Hyperimmune antisera raised against the rare FD and SD phenotypes of human placental alkaline phosphatase and the related cancer-associated Nagao isoenzyme were exhaustively absorbed with the common SS and FF phenotype enzymes conjugated to Sepharose. The antibodies so obtained had 1 of 3 specificities, determined by testing all the common phenotypes of placental alkaline phosphatase, the rare FD, SD and S-17 phenotypes, and 5 samples of purified cancer patient enzymes: (I) antibodies reactive with the S, D and I variant enzymes but not with the F, 17 or Nagao enzymes; (II) antibodies reactive with F, 17 and Nagao enzymes but not with S, D and I variant enzymes; and (III) antibodies reactive with D, 17 and Nagao enzymes and not with S, F or I variant enzymes.
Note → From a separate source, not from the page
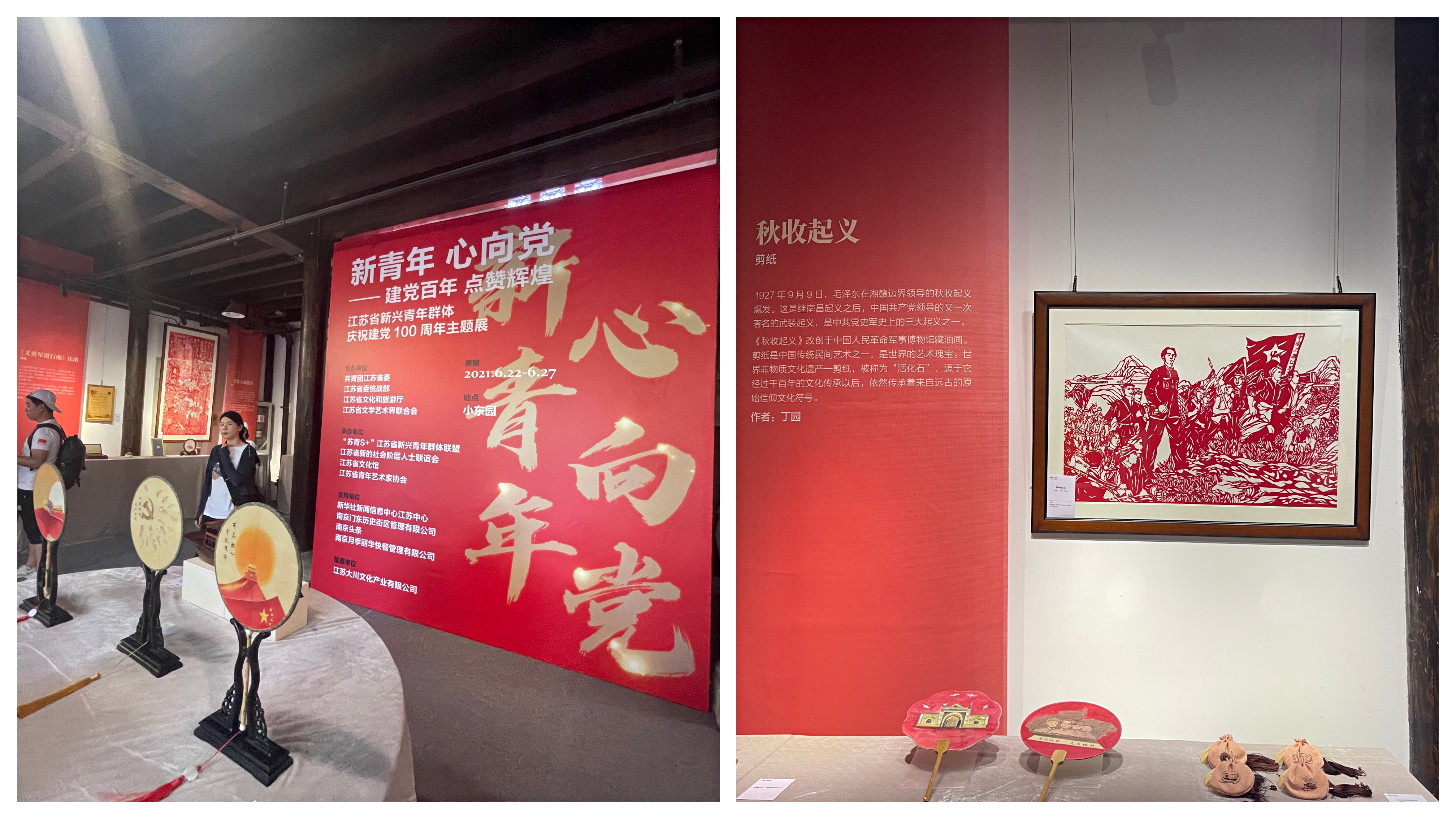 6月22日上午,由共青团江苏省委、江苏省委统战部、省文化和旅游厅、省文学艺术界联合会联合主办的“新青年 心向党——建党百年 点赞辉煌”江苏省新兴青年群体庆祝建党100周年主题展览在南京盛大开幕。我院剪纸历史经典产业特色班丁园老师携剪纸作品《攻占娄山关》、《秋收起义》受邀参与现场展览。

Based on these data, and on the information obtained from biochemical characterization, it is argued that the Nagao isoenzyme and the D-variant are closely related but distinct enzymes. A hypothetical scheme is proposed for the divergence of these 2 enzymes from a common ancestral gene product. In this scheme, an ancestral gene duplication resulted in 2 isoenzymes, one of which is completely specific to the placenta and one of which (the Nagao isoenzyme) has an unknown normal tissue localization but is found in some cases of cancer. The term syn-placental is used to describe this latter isoenzyme, reflecting its close structural relationship to the placental isoenzyme.